1400 hrs. The McFab compound.
I'm not a mercenary by choice. Like most men of action, my life's dream has always been to either serve in the armed forces or be the guy that hands out towels to other men of action at my local gym. I got fired from the gym job almost as soon as I started, even though no one had told me about the "no cameras in the showers" policy. As for the military...some stupid test called the MMPI always kept me out.
The Minnesota Multiphasic Personality Inventory, as it's formally known, is a series of yes-or-no questions that any normal person would fail. Have I thought of hitting someone with a brick because I hate their hair? Of course. Who wouldn't? But apparently that's the wrong answer. Do I set things on fire when I'm angry? Well, I don't just let my anger fester. That would be crazy. For whatever reason, my responses were never good enough for the new liberal military, and I finally quit trying to join after the local recruiters took out that restraining order.
I was surprised, then, when I got a letter from the Marine Corps Recruiting Station in Dogbollocks, a little backwater town about twenty miles from Fort Braggart. According to the writer, one GySgt. Chris Holmes, Master Recruiter and Generally Honest Man, the Marines had recently "adapted" their standards to allow people of my age, physical condition, and state of mind to join up. Especially, it seemed, at the Dogbollocks station, where only three people had tried to enlist this year and all had failed due to being married. To their sisters. Not that the why of it mattered to me.

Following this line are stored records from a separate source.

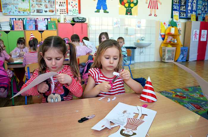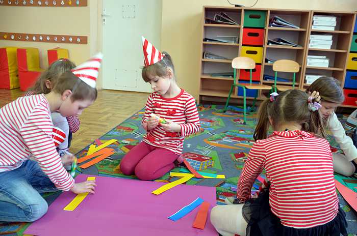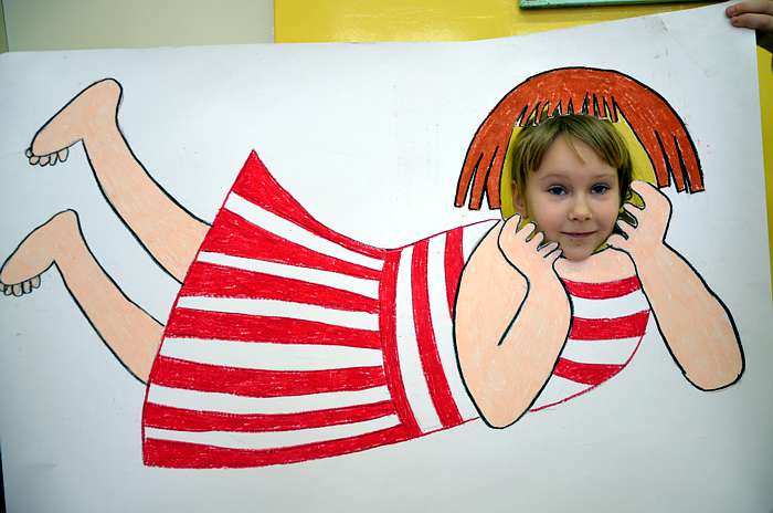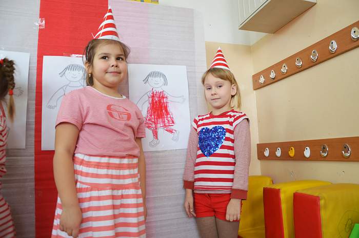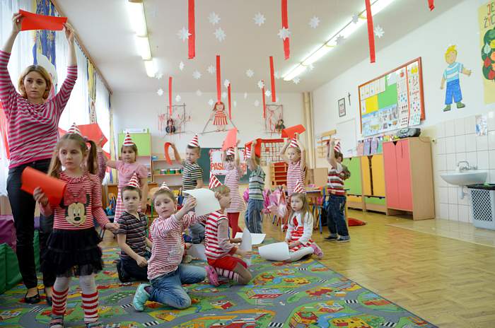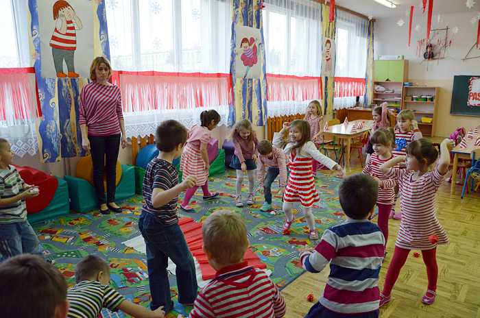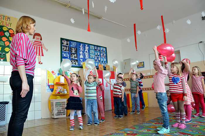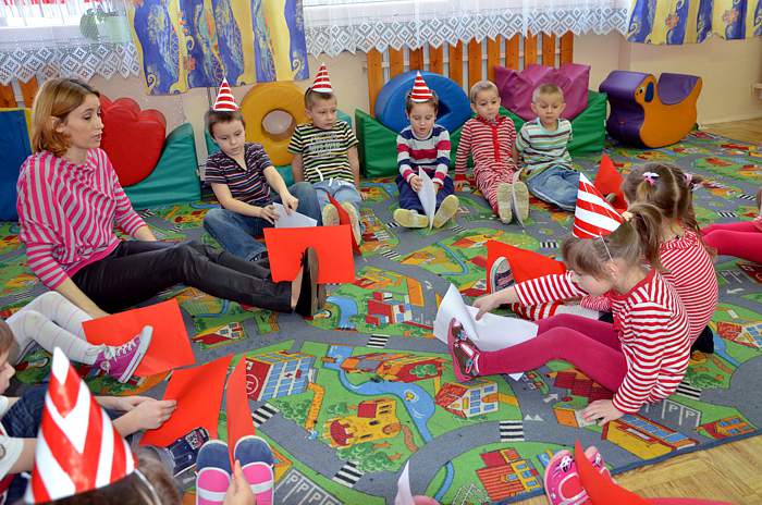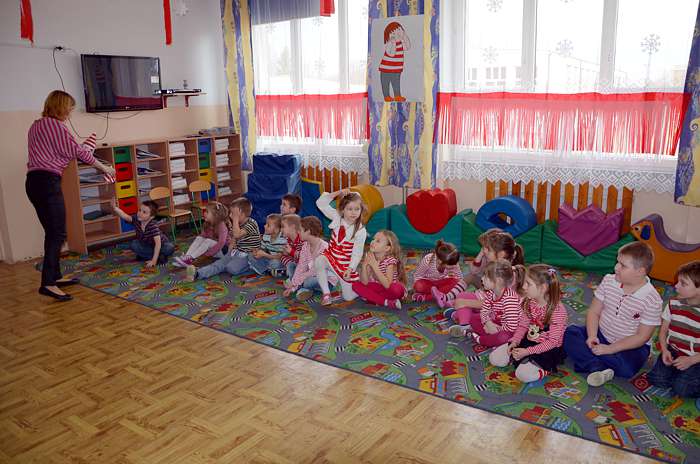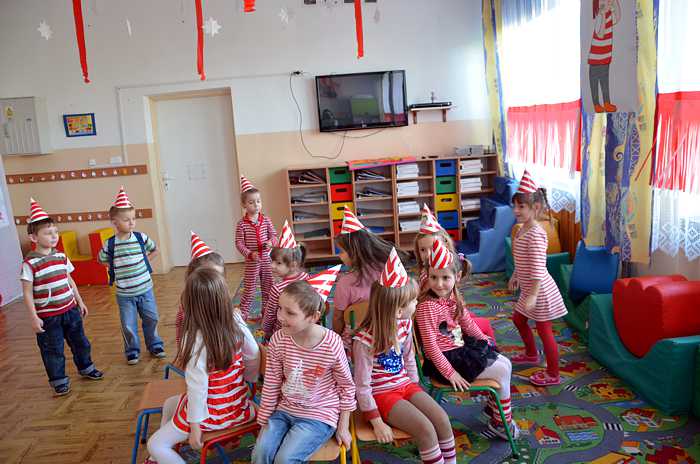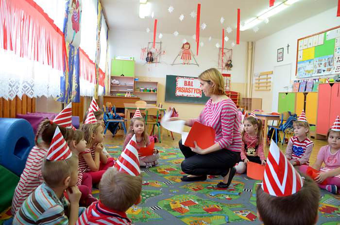 "Basiowy Dzień Pasiastych" był dobrym pomysłem na to, by choć na chwilę przenieść się w świat bohaterki opowiadań. W przygotowaniach do imprezy uczestniczyły wszystkie dzieci z zerówki. W pasiastych strojach rozpoczęliśmy fajną i kolorową zabawę. Były tańce z paskami bibuły i balonami, tworzyliśmy pasiaste obrazy, z zamkniętymi oczami kolorowaliśmy strój Basi. Wiele radości wyzwoliło się podczas bitwy na papierowe kule biło - czerwone.
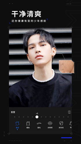 实时预览的面部清洁、健康肤色、有型轮廓。脸部细节微调修饰,还原你少年感的真实效果。
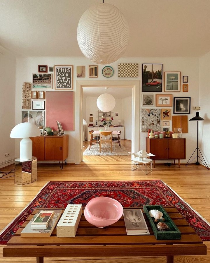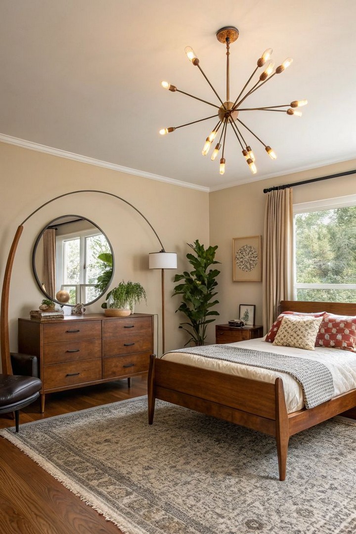 Combine mid-century modern furniture with eclectic decor like colorful cushions, abstract art, and quirky lighting. Mix wood tones with metallic accents for contrast.
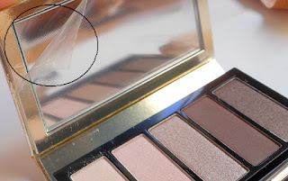 La lámina de plástico, mientras no la quites, protege el espejo; pero, una vez lo hagas, todo el polvito de las sombras se pegará a él (salvo que uses la cartulina de los looks como separador) Hay que elgir entre espejo protegido, o espejo útil.

I had a chance, finally, to wear our nation's uniform, the one real patriots like Dick Cheney, Karl Rove, and Newt Gingrich would have worn if they hadn't have had other patriotic priorities. I would wear the uniform John Kerry besmirched by earning medals in front of people with different political views; the uniform Oliver North looked so good in while he let the liberal Congress know that real Americans are above any so-called "law." I would be a soldier. A man.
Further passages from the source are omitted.